- _Work to complete_
Set down, word for word, the line with "Sen. Katie Britt, R-Ala., who" and the lines after it through the final line of the data below, without pictures.

- _Supplied data_

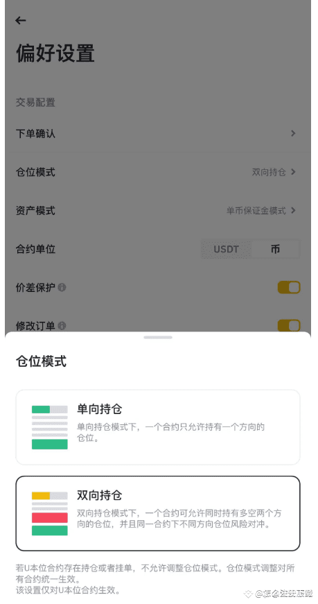 如果首次进入,建议选择一下偏好设置,在交易页面右上角三个点,点击选择偏好设置,切换成双向持仓,如果是单向持仓,就不可以多空双向持仓了。
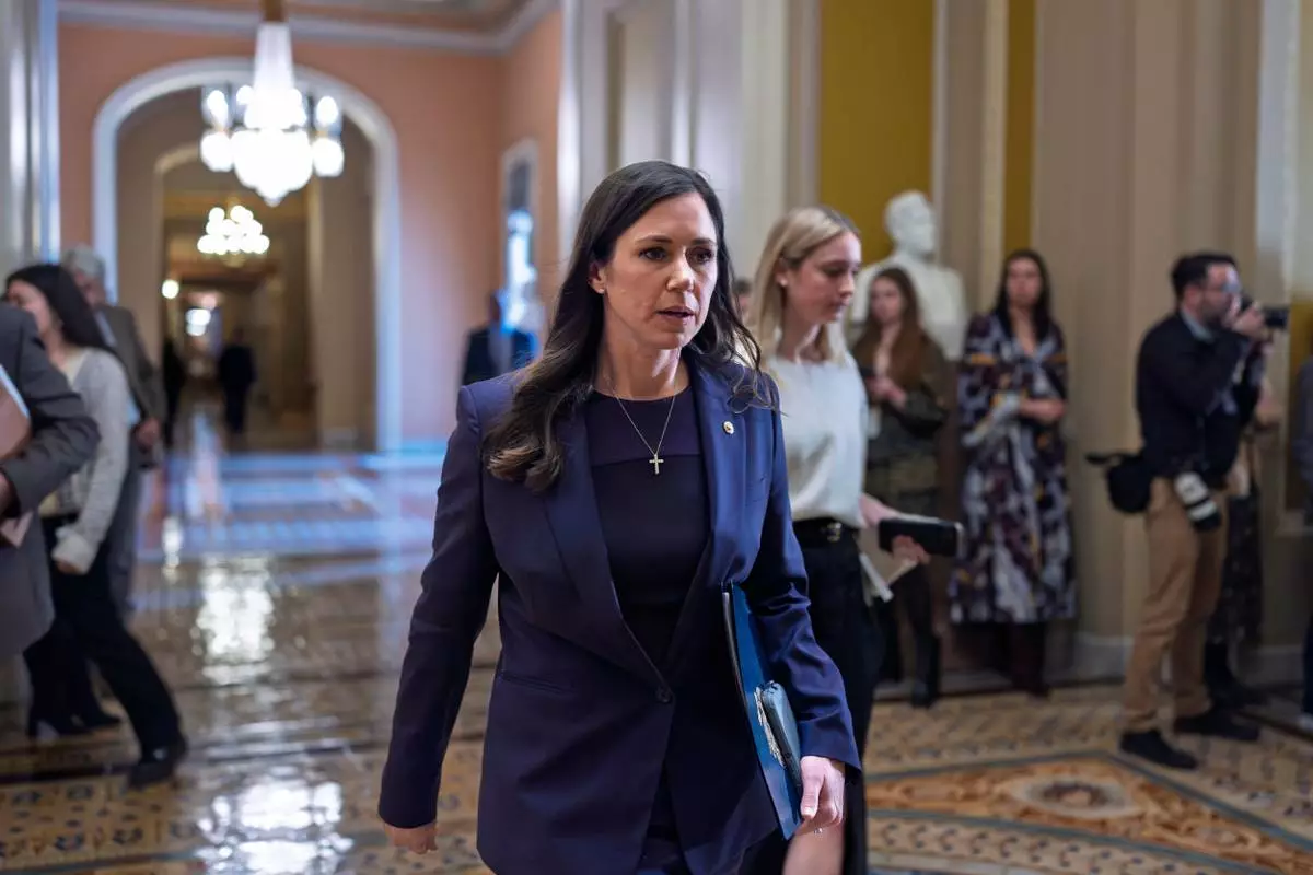 Sen. Katie Britt, R-Ala., who chairs the Department of Homeland Security Appropriations Subcommittee, walks to the chamber following a closed-door meeting with fellow Republicans on spending legislation, at the Capitol in Washington, Wednesday, Jan. 28, 2026. (AP Photo/J. Scott Applewhite)
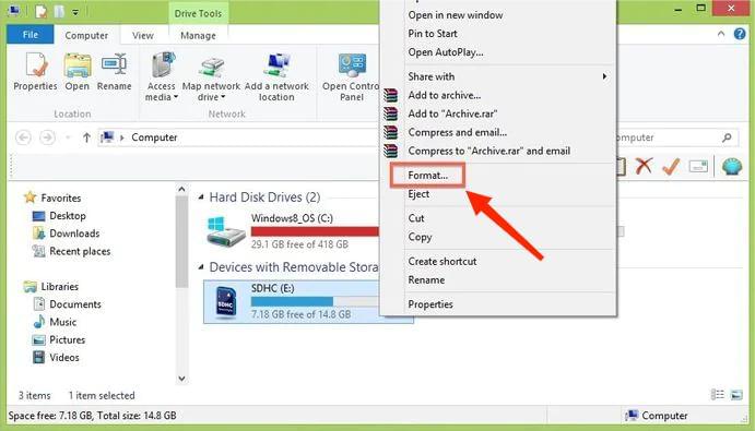步骤 1. 在文件资源管理器中右键单击 SD 卡驱动器。

- _Expected answer_
 Sen. Katie Britt, R-Ala., who chairs the Department of Homeland Security Appropriations Subcommittee, walks to the chamber following a closed-door meeting with fellow Republicans on spending legislation, at the Capitol in Washington, Wednesday, Jan. 28, 2026. (AP Photo/J. Scott Applewhite)
步骤 1. 在文件资源管理器中右键单击 SD 卡驱动器。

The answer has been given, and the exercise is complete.